Мертон поднял голову от рукописи, услышав, как лает Саша и медленно раздвигаются автоматические ворота. Выглянул в окно и увидел, как отъезжает машина Морганы. Было начало третьего. Он сразу вообразил, невольно охваченный ревностью, что она, согласно распорядку дня, принятому в Испании, наверняка едет с кем-то обедать – этот кто-то мгновенно обрел лицо Феррана – и не вернется вовремя, чтобы поплавать вечерком, чего она, по сути, ему и не обещала.

Он вернулся к роману.
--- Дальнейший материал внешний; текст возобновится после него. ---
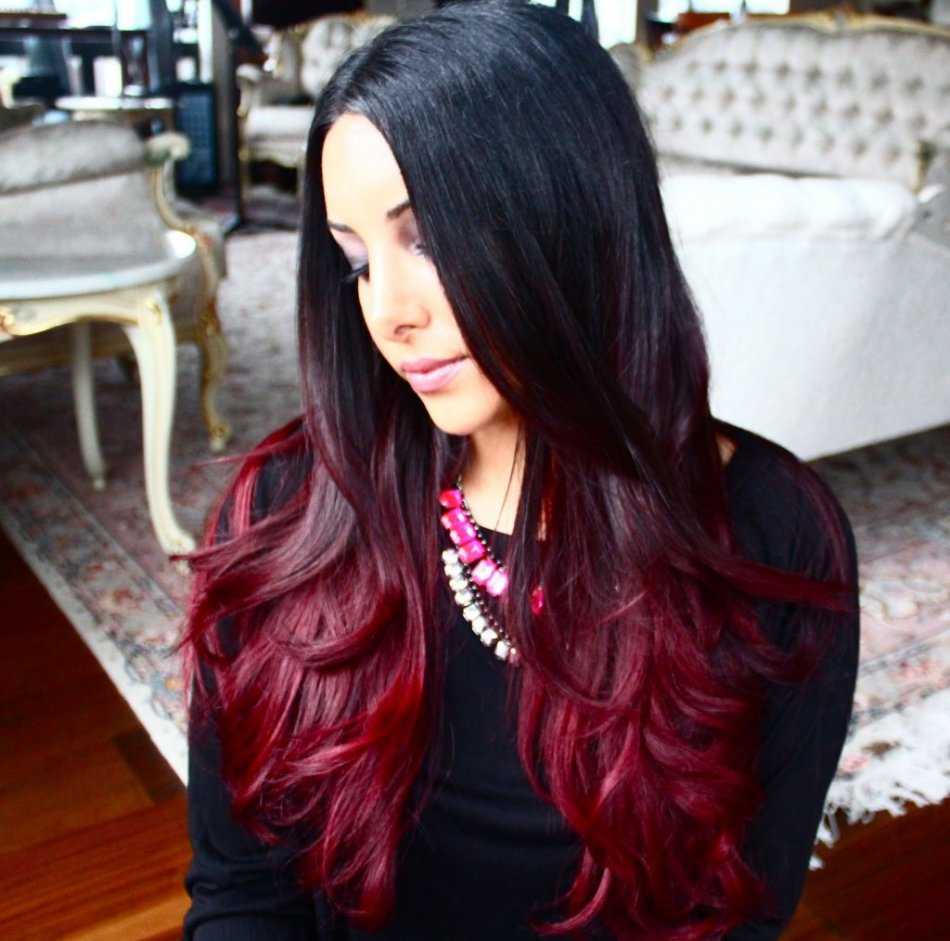 Омбре бордовым цветом на черные волосы

Профессор пребывал в мрачном настроении, и Лила скоро поняла: с ним что-то случилось. На ее тактичные вопросы профессор сначала отвечал односложно, но затем, поддавшись волнению, какое прочитал в ее глазах, или скорее растроганный оттого, что кто-то после стольких лет наконец-то за него беспокоится, решился рассказать ей, что всю ночь размышлял, нужно ли дальше жить в осаде этой прогрессирующей неподвижности, вплоть до состояния овоща, и пришел к выводу, что, наверное, для всех будет лучше, если он лишит себя жизни, пока может сделать это сам. Лила слушала его с изумлением и печалью. Как он может так говорить? Он мало ей доверяет? Не прошло и недели, как они начали упражняться, а он уже может поднять обе ноги на сорок пять градусов. Разве он не помнит, что даже сделал несколько шагов? Трудно поверить, что у него такие мысли, ей даже обидно, что он недостаточно полагается на результаты ее труда. Или случилось что-нибудь еще?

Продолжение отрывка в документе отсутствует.